Managerial Approval for SFTP Devices Connections
To enable managerial approval via email or mobile notification for users connecting to devices, the approvalRequiredForConnection property must be set as true on the device group that has the target devices.
When the managerial approval property for the user is set as true, an approval request email is sent to the group manager of the user who attempted to establish the connection. For each attempt, a new approval request email is generated and sent to the manager’s email address.
A parameter can be configured to set a time limit on sending emails for the same connection request:
- Establish an SSH connection to the Kron PAM server.
- Set the required parameter in /u01/sftp_prox/conf/nsso.properties with the commands: cd /u01/sftp_prox/conf/ vi nsso.properties Add/edit the following parameter with the vi editor: nsso.approval.email.timeout = 0 (default value is “0” and the label of the value is seconds.)

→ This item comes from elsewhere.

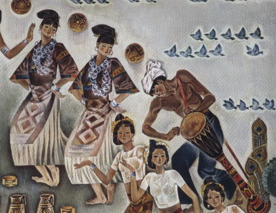 據說一年久旱不雨,某夜村中告翌仲老祖公在今天起鼓的地方挖井,不幸被倒塌的泥土掩埋,他託夢給子女說:「這個地方很好,就讓我在此長眠。」子女們便帶上香紙前去「墳」上祭奠,隨后便普降甘露,日后相沿成俗。還有一個傳說是:某年大旱,河水斷流,唯寨腳今天起鼓的地方有一水潭不乾,小孩們便到那里拊水嬉戲,但見潭中兩龍相斗,頓降大雨,方解燃眉之急,此后即變成節日。水鼓舞節至少有五六百年以上的歷史,苗語稱「zuk niel eb」,zuk niel意為踩鼓,eb意為水。水鼓節是為祈雨而生的節日,時間定在每年農历六月第一個卯日之后的第一個丑日舉行,節日分為「起鼓」和「踩鼓」兩個部分。

- After the parameters are set, save, and exit the vi editor, and restart sftp_prox with the command: systemctl restart pam-sftp
The parameter prevents Kron PAM from sending too many emails to the manager for each repetitive attempt. For example, if this parameter is set to 300 seconds, and a user attempts to connect to a device more than one time in five minutes, only one connection approval request email is sent to the manager. To receive a connection approval request email for each attempt separately, the parameter’s default value of zero can be used.